Data shown:
===
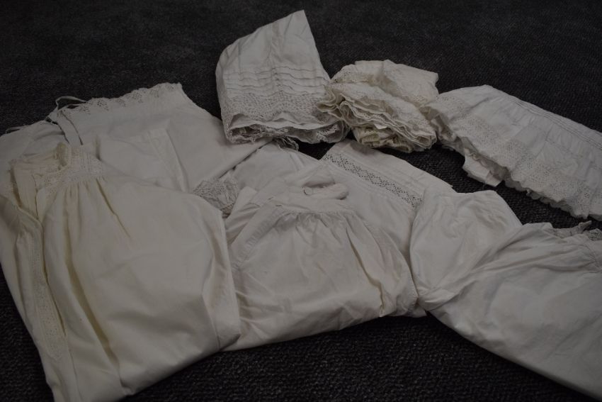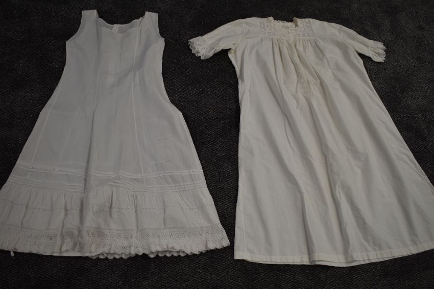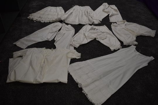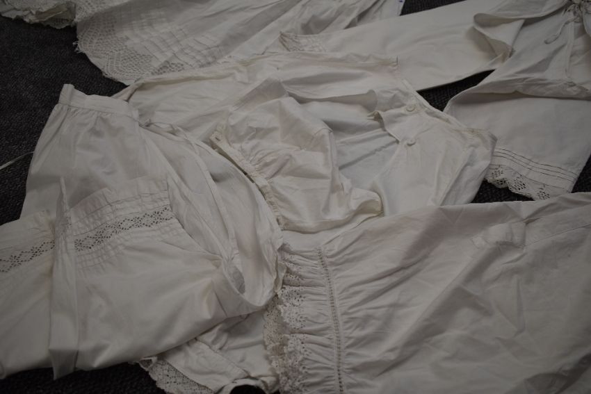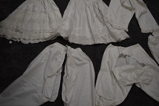 A collection of victorian white cotton items including two pairs of Victorian bloomers, crisp cotton with both having intricate details to the legs, both have button 'flap' to the seat of each,three petticoats,nightdress and two pairs of split leg bloomers.
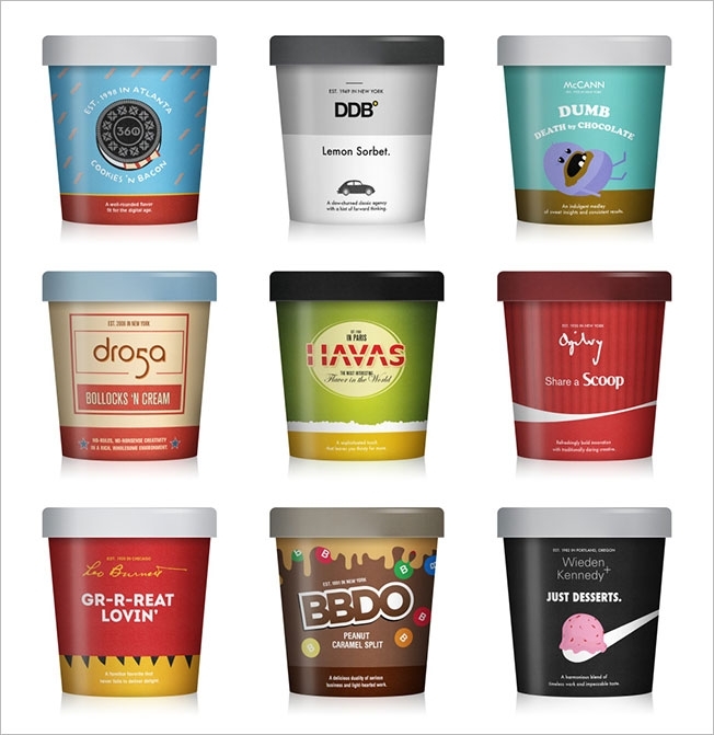 New York’taki Miami Ad School öğrencilerinden Aditya Hariharan ve Joshua Namdar’ın hayata geçirdiği projede, ünlü reklam ajansları kutu kutu dondurmalara dönüşüyor. Ajansların en bilindik işlerinden yola çıkılarak hazırlanan tasarımlar, Hariharan ve Namdar’a bu yaz kolayca birer staj bulduracak kadar eğlenceli ve ince düşünülmüş.
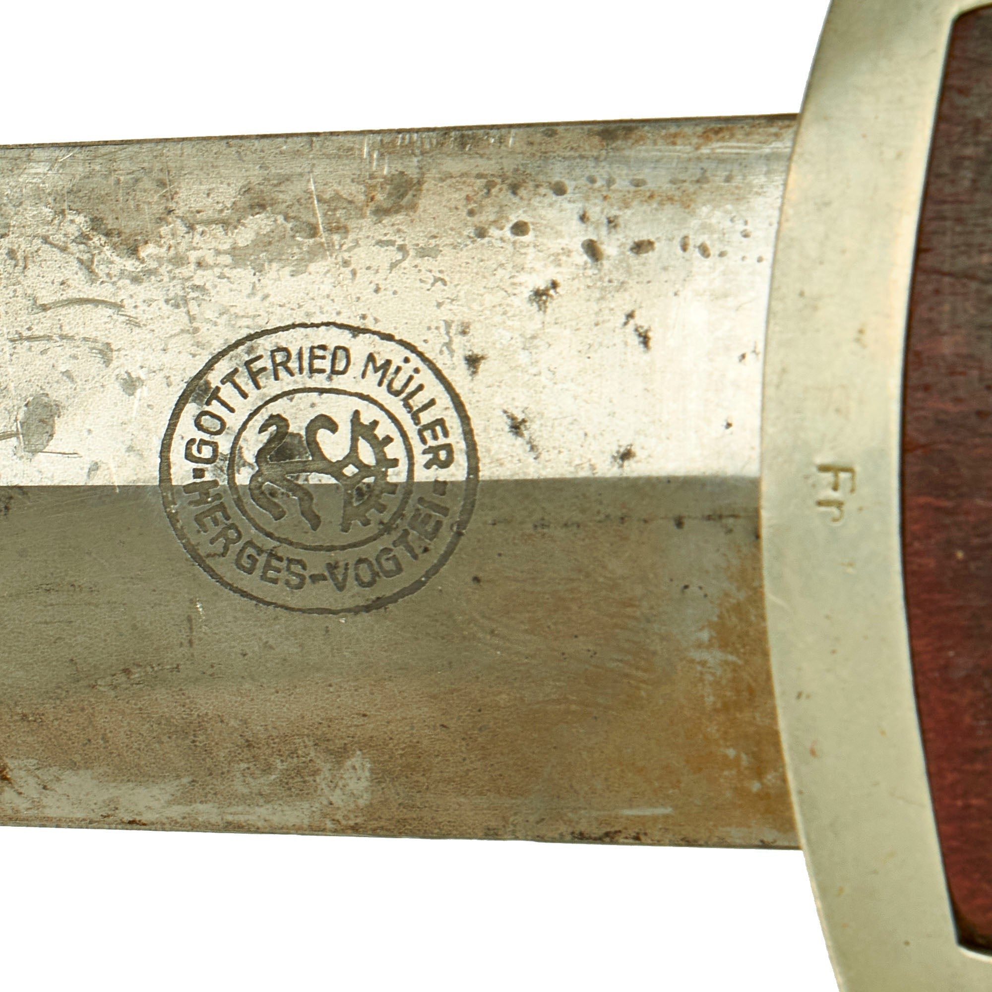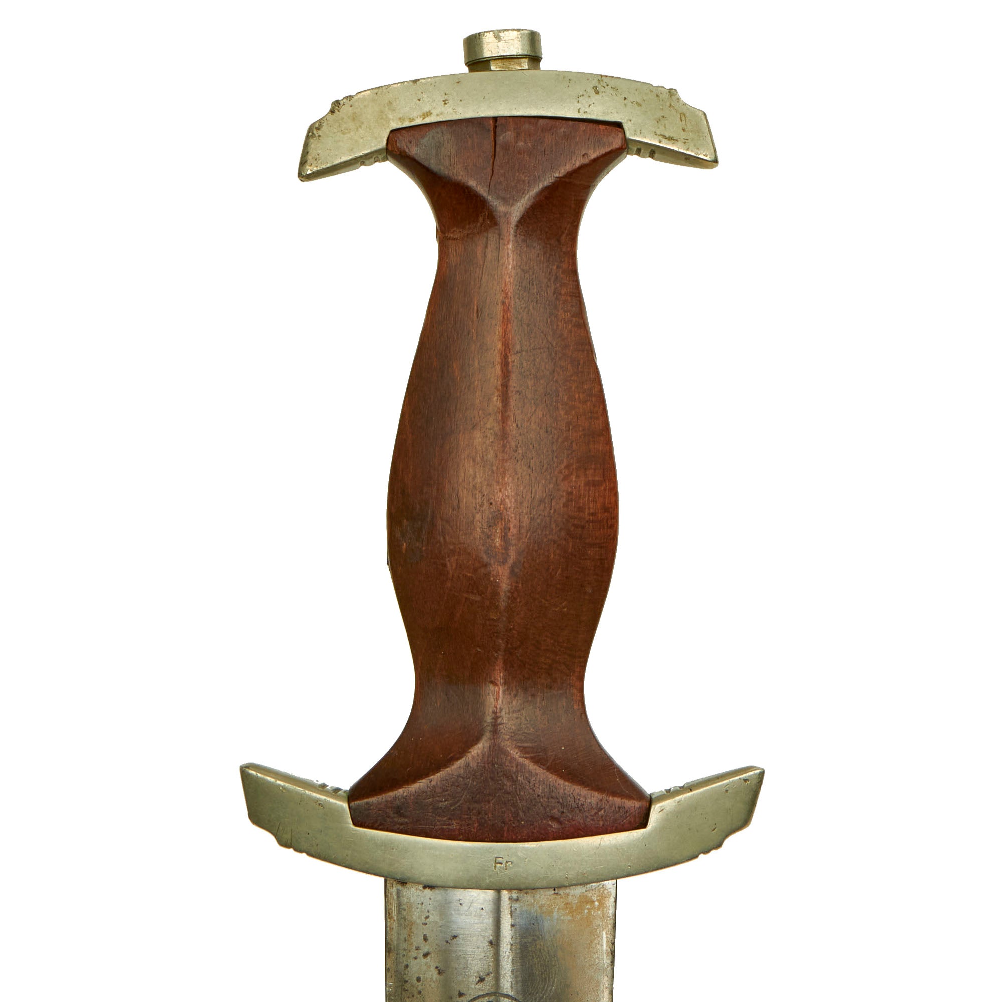 The dagger has solid nickel silver fittings throughout, and is a very nice example. The crossguards and tang nut are in very good condition throughout with all fittings having a nice lightly aged patina. There is some age to these mounts but there is no lifting anywhere, showing that they are solid and not plated. They show only light wear with just a bit of light denting and scratching. The pommel guard however must have taken a blow at some point, as it is now tilted due to the tang itself being bent by the securing nut. The lower reverse guard is Gruppe/Gau marked Fr, for Franken, a district in west central Germany, with the principal cities being Nürnberg (Nuremberg) and Suhl. This feature was only seen on daggers produced 1935 and prior.
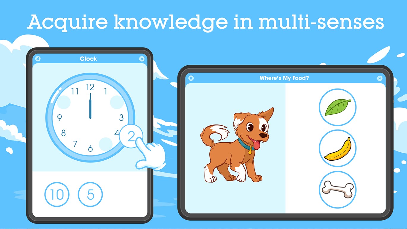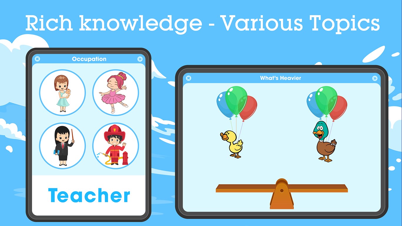 Each lesson lasts from 5 to 7 minutes, starting with the introduction of the subject and vocabulary via flash-card, then the child will play and study the topic through the brain game.
===
Repeat the material exactly. Skip the images.

Solution for this task:
 A collection of victorian white cotton items including two pairs of Victorian bloomers, crisp cotton with both having intricate details to the legs, both have button 'flap' to the seat of each,three petticoats,nightdress and two pairs of split leg bloomers.
 New York’taki Miami Ad School öğrencilerinden Aditya Hariharan ve Joshua Namdar’ın hayata geçirdiği projede, ünlü reklam ajansları kutu kutu dondurmalara dönüşüyor. Ajansların en bilindik işlerinden yola çıkılarak hazırlanan tasarımlar, Hariharan ve Namdar’a bu yaz kolayca birer staj bulduracak kadar eğlenceli ve ince düşünülmüş.
 The dagger has solid nickel silver fittings throughout, and is a very nice example. The crossguards and tang nut are in very good condition throughout with all fittings having a nice lightly aged patina. There is some age to these mounts but there is no lifting anywhere, showing that they are solid and not plated. They show only light wear with just a bit of light denting and scratching. The pommel guard however must have taken a blow at some point, as it is now tilted due to the tang itself being bent by the securing nut. The lower reverse guard is Gruppe/Gau marked Fr, for Franken, a district in west central Germany, with the principal cities being Nürnberg (Nuremberg) and Suhl. This feature was only seen on daggers produced 1935 and prior.
 Each lesson lasts from 5 to 7 minutes, starting with the introduction of the subject and vocabulary via flash-card, then the child will play and study the topic through the brain game.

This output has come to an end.